Task inputs:
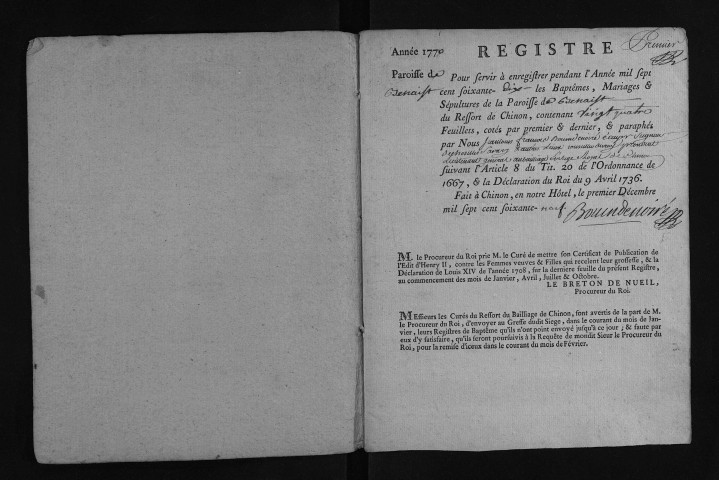 Collection du greffe. Baptêmes, mariages, sépultures, 1770
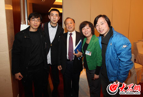 前外交部長、十一屆全國人大三次會議發言人李肇星與大眾網記者合影留念
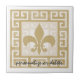 The rustic elegance of this decorative tile will enhance any decor. The tile features a gold Fleur de Lis symbol in a Greek Key pattern design. Personalize with your name or message or delete the text and keep just the design.
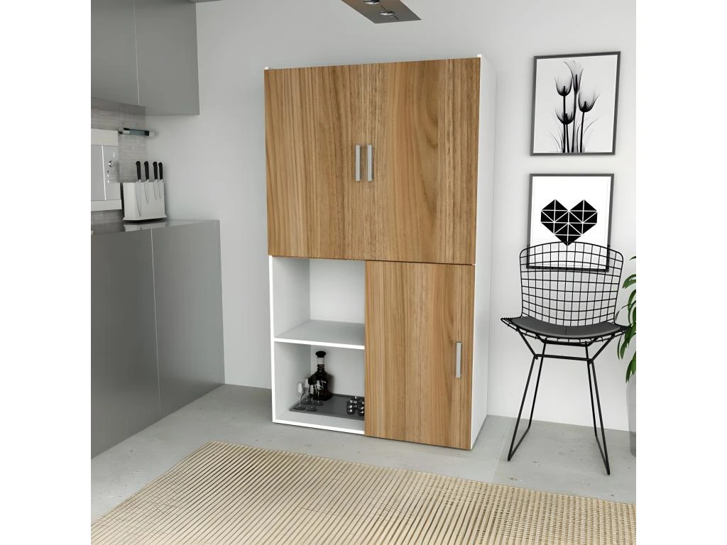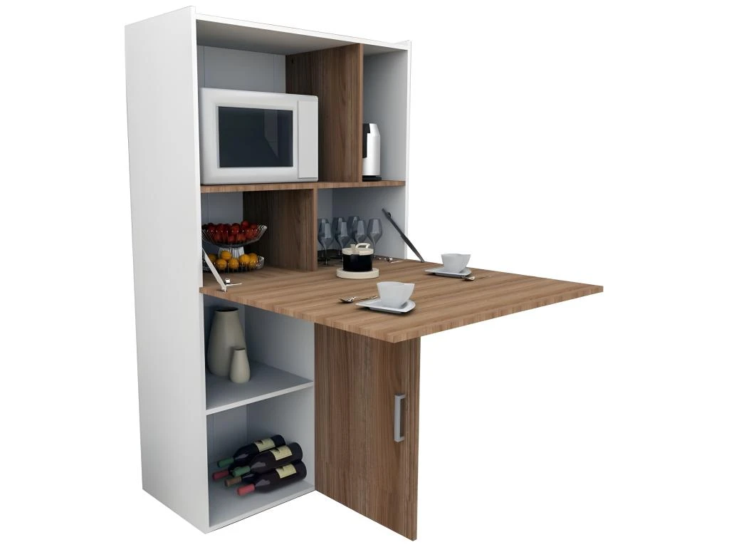 Buffet de Cuisine avec Table intégrée. Coloris Blanc et Imitation Châtaignier.
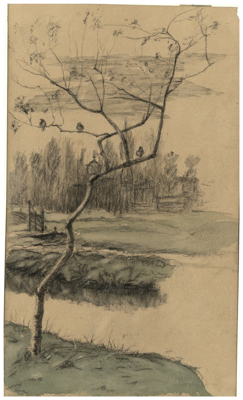- NOTIZIE STORICO CRITICHE Durante la sua permanenza all'Aja nell'autunno del 1884, Vittore Grubicy realizzò alcune vedute osservate nei pressi della vicina Scheweningen, di cui fa parte anche questo paesaggio campestre attraversato da un canale d'acqua, ravvivato da leggere striature acquarellate.
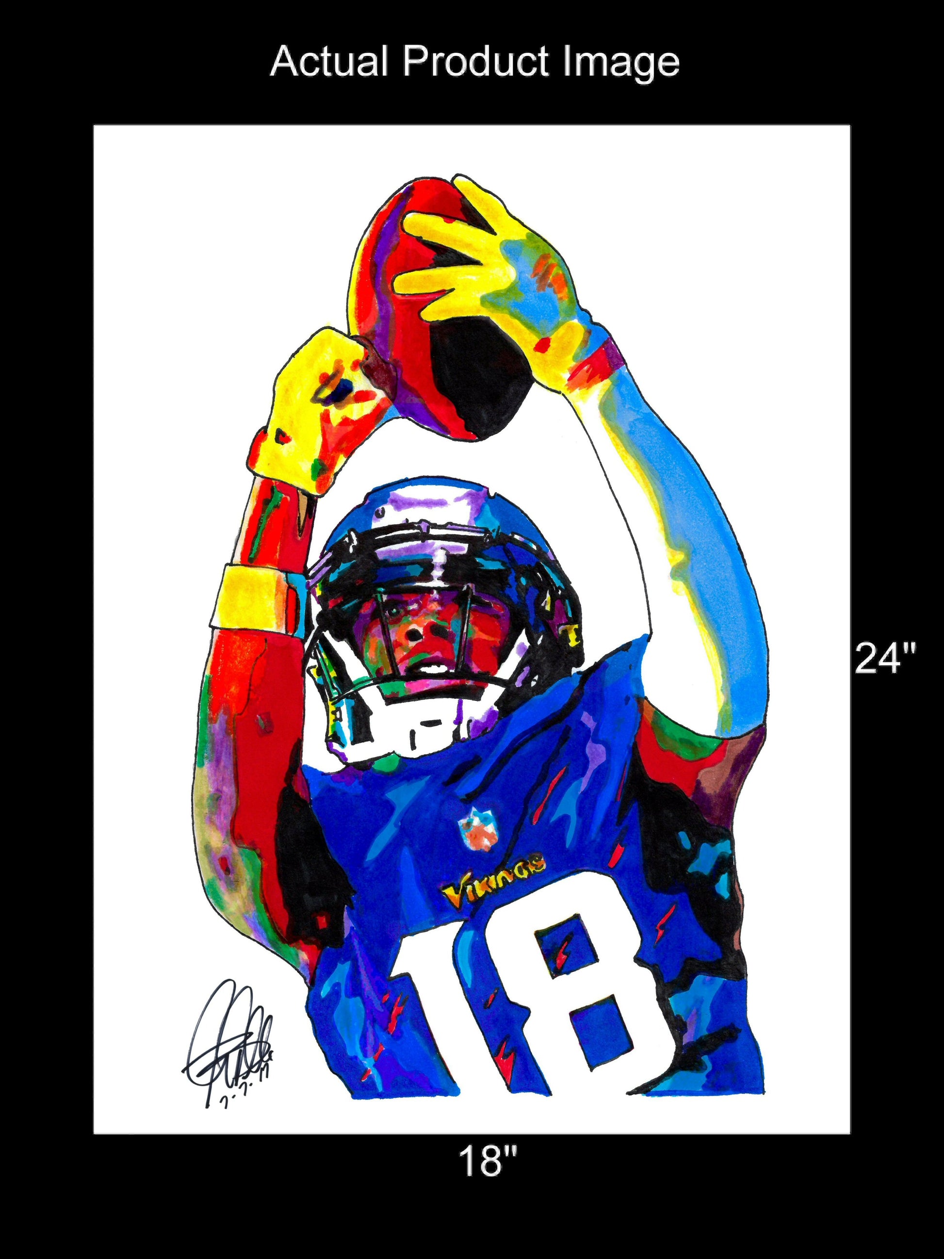 Print from Original Ink Drawing of Justin Jefferson of the Minnesota Vikings. Printed on 18"x24" Premium Gloss High Quality Photo Paper. Print is great for matting and display – Signed & Dated by Artist on front of print - comes with Certificate of Authenticity with Your Name - will be shipped inside 3 x 30" 2 Mil Industrial Poly Bag & 2" x 19" Kraft Mailing Tubes with End Caps - .070: thick
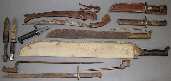 A GROUP LOT OF NINE WWII AND EARLIER EDGED WEAPONS. Comprising a USN MK1 Jungle machete with canvas sheath, blade dated 1944 and maker's mark "Legistimus-Collins & Co."; a 1945 dated True-Temper machete; an interesting re-worked 1903 Springfield bayonet converted into a fighting knife and retailed by R. S. Elliott Arms Co., Kansas City, MO together with original sheath; a Hitler Youth knife missing HJ diamond in handle; a British MKII/IV Enfield bayonet with broad arrow stamps, a 19th century US stamped socket bayonet, a USN MK1 grand-style handle for plastic training bayonet, a relic quality Brazilian Mauser bayonet, an M31 shortened Schmidt-Rubin bayonet; and a Filipino teakwood jungle fighting knife.
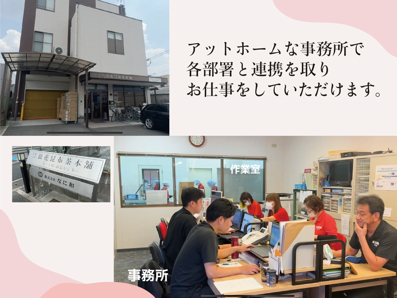 仕事内容 \ 4月から勤務できる方歓迎! / ✨今年で創業67年を迎える安定企業◎ ✨PCの基本的な操作ができる方 ✨子育て落ち着き世代の仕事復帰にも! ―――*―――*―――*―――*――― 【 仕事内容 】 地元に根ざした昆布茶メーカーでの 一般事務全般をお任せします! ・各種書類の作成(WordやExcelを使用) ・伝票整理 ・お取引先からの請求書確認 ・電話応対 ・PCでのデータ入力 ・その他付随する事務作業 など PCでの作業がほとんどなので、 PC操作に抵抗がない方は大歓迎。 自信がないという方も、 やる気重視で丁寧に教えます! 初めはサポート的な業務からスタート◎ 未経験の方もブランクがある方も安心! 先輩が優しくフォローします♪ 子供も大きくなってきたし、 ブランクがあるけど働きたい… 事務の経験を生かして社会復帰したい… そんな方もぜひご応募ください♪ ―――*―――*―――*―――*――― < 当社について > 1958年の創業以来、八尾を基盤とし、 素材と安全面にこだわり続けた昆布茶メーカー。 厳選した国産原料を使用し、色・味・香りの バランスにこだわった昆布茶を創り続けてきました。 その経験と技術で、現在は昆布茶だけでなく 色々な商品づくりに挑戦しています。 地元に根づいた安定企業で、 じっくり腰を据えて働きたい方は大歓迎! ぜひご応募お待ちしております♪
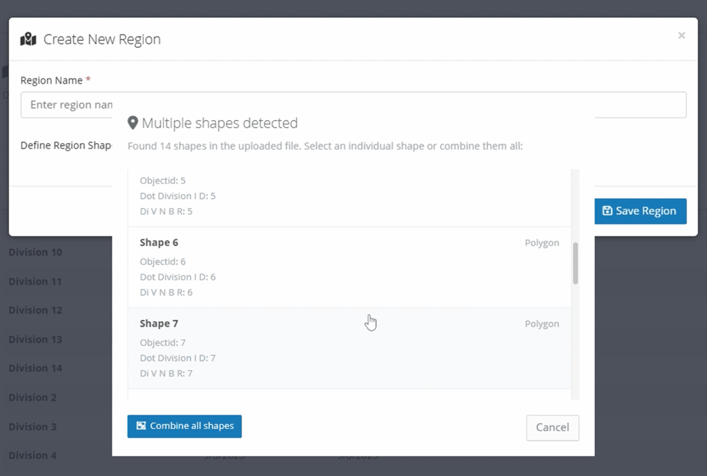The region tool can extract shapes from your existing GIS assets, such as ArcGIS feature services, KML files, or ESRI Shapefile. For example, if you have a file with multiple districts or shapes, you can select a specific shape when creating a region:
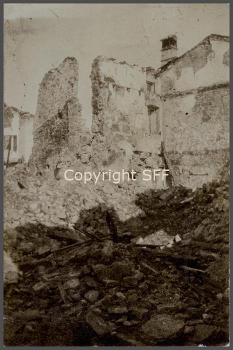Edifici bombardati a Lucinico ripresi nel luglio del 1915
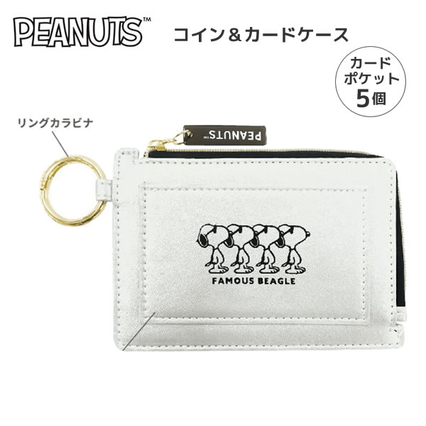 スヌーピー コイン&カードケース FAMOUS BEAGLE 2740 カミオジャパン 小銭入れ ミニ財布 薄い財布 リングカラビナ付き
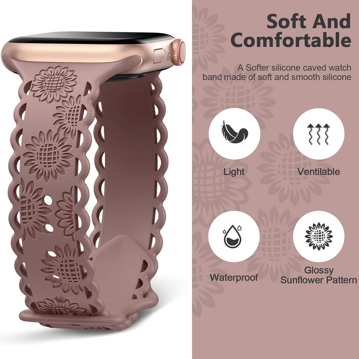 This Apple Watch Band blends natural charm and delicate craftsmanship, featuring a sunflower-engraved design, intricate lace hollow-out details, and multi-size compatibility—perfect for elevating the style of iWatch Series 9, 8, 6, 5, 4, 3, 2, 1, and Ultra models. Crafted with a focus on aesthetic appeal and durability, the band’s star feature is its sunflower engraving: precision-carved sunflower motifs add a touch of nature-inspired warmth, turning a functional strap into a decorative accessory that stands out from plain alternatives. The engravings are crisp, fade-resistant, and retain their detail even with daily wear, making the band a long-lasting way to showcase personal style.
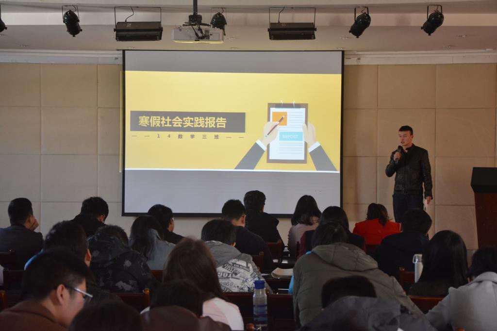 3月1日,2016至2017年团支部寒假社会实践报告在beat365官网登录中文八楼报告厅举行。学工办周杰老师出席报告会。
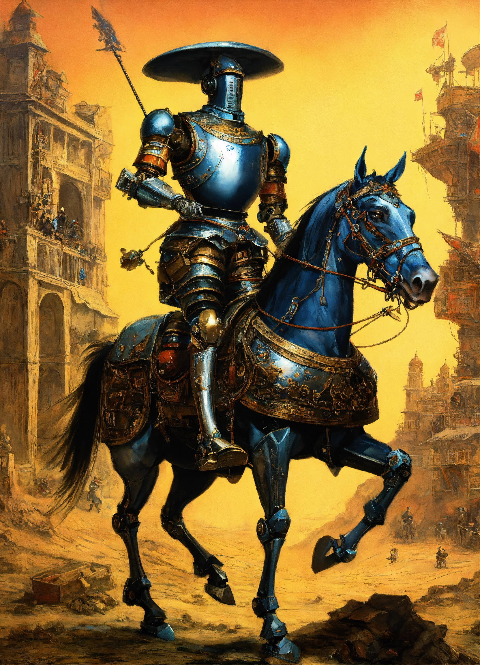 A don quixote of the mancha robot ride a robothorse
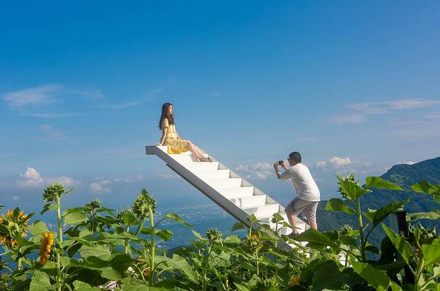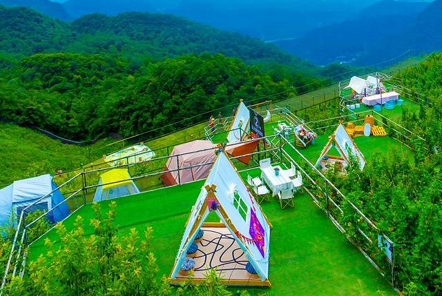 随着古道而下,我们才到达目的地—云中农场,远处是被群山包围着的小城,而我们却逃离了城市,来到了这片秘境,享受短暂的欢愉,花环、天梯、秋天,每一处的设计都值得让人留下回忆的照片。
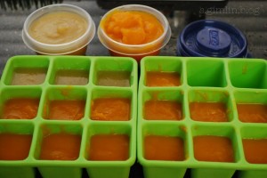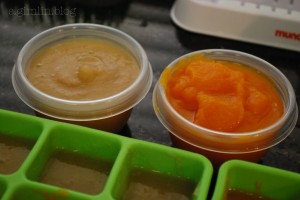 In the end I got 1 fresh apple and carrot puree each, and 2 full trays of frozen cubes for later use.
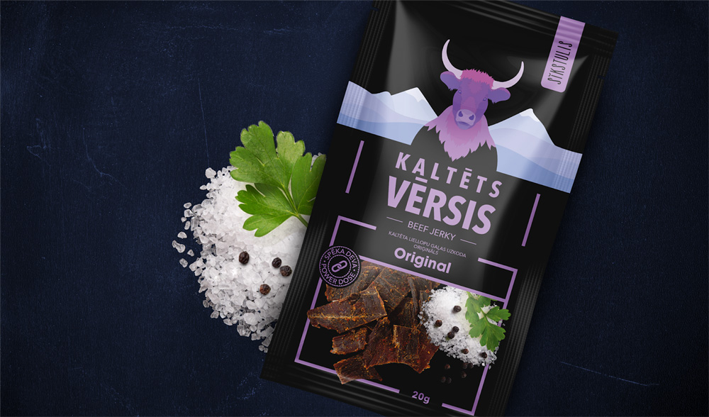 Контрастный, маскулинный дизайн рассчитан на мужскую аудиторию. Обилие черного говорит о премиальности продукта. Бык обеспечивает узнаваемость бренду, а фудзона помогает быстро понять, что внутри упаковки.
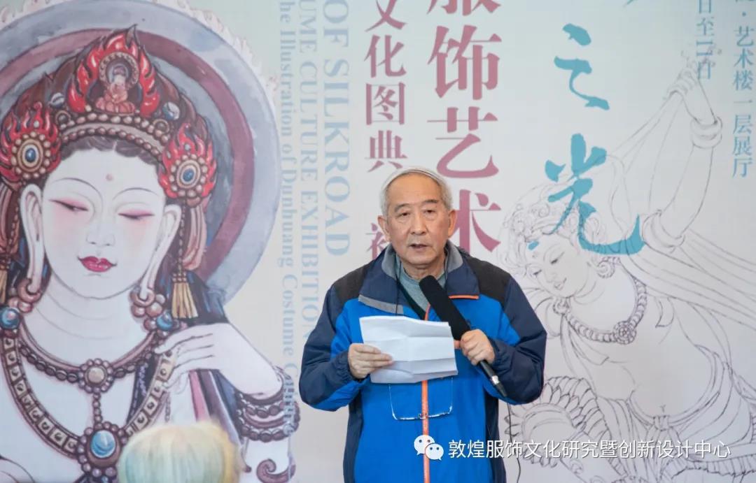 柴剑虹先生发表致辞。他非常高兴能在此次展览中领略了敦煌服饰艺术风采,了解和学习了敦煌服饰研究和创新设计可喜的成果。他认为敦煌服饰艺术研究任重而道远,大家在传承和传播敦煌服饰文化的同时,需要共同努力探索新时代的服饰创新设计的典型,让古典的敦煌服饰文化走入当今时尚生活之中,为提升人们日益丰富的物质需求,为满足人们对于美好生活的向往做出努力。
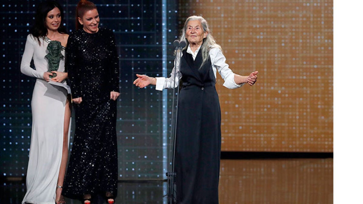 La actriz debutante con su trabajo en 'O que arde' ha subido acompañada a recoger el premio, que ha acariciado y besado. "La vida te da sorpresas y esta es una muy grande para mi larga existencia", ha señalado la actriz de 84 años.
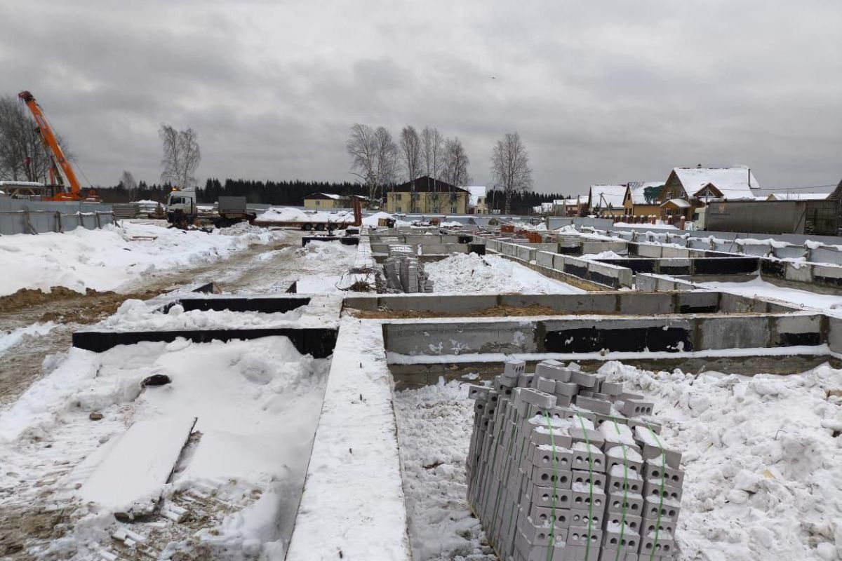 В настоящее время на стройплощадке осуществляется устройство ростверка подвала и монтаж фундаментных блоков по периметру дома.
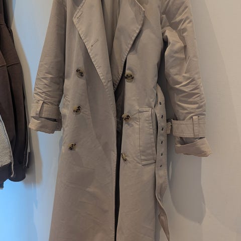 Rosa med sandfarvet stof i nakken, under kraven indvendig i ærmeåbninger og lommer.

What to work on:
Leaving pictures out, output the lines of the data above from the one with "仕事内容 \ 4月から勤務できる方歓迎!" through the one with "Edifici bombardati a", word for word.

Solution to the problem:
 仕事内容 \ 4月から勤務できる方歓迎! / ✨今年で創業67年を迎える安定企業◎ ✨PCの基本的な操作ができる方 ✨子育て落ち着き世代の仕事復帰にも! ―――*―――*―――*―――*――― 【 仕事内容 】 地元に根ざした昆布茶メーカーでの 一般事務全般をお任せします! ・各種書類の作成(WordやExcelを使用) ・伝票整理 ・お取引先からの請求書確認 ・電話応対 ・PCでのデータ入力 ・その他付随する事務作業 など PCでの作業がほとんどなので、 PC操作に抵抗がない方は大歓迎。 自信がないという方も、 やる気重視で丁寧に教えます! 初めはサポート的な業務からスタート◎ 未経験の方もブランクがある方も安心! 先輩が優しくフォローします♪ 子供も大きくなってきたし、 ブランクがあるけど働きたい… 事務の経験を生かして社会復帰したい… そんな方もぜひご応募ください♪ ―――*―――*―――*―――*――― < 当社について > 1958年の創業以来、八尾を基盤とし、 素材と安全面にこだわり続けた昆布茶メーカー。 厳選した国産原料を使用し、色・味・香りの バランスにこだわった昆布茶を創り続けてきました。 その経験と技術で、現在は昆布茶だけでなく 色々な商品づくりに挑戦しています。 地元に根づいた安定企業で、 じっくり腰を据えて働きたい方は大歓迎! ぜひご応募お待ちしております♪
The region tool can extract shapes from your existing GIS assets, such as ArcGIS feature services, KML files, or ESRI Shapefile. For example, if you have a file with multiple districts or shapes, you can select a specific shape when creating a region:
Edifici bombardati a Lucinico ripresi nel luglio del 1915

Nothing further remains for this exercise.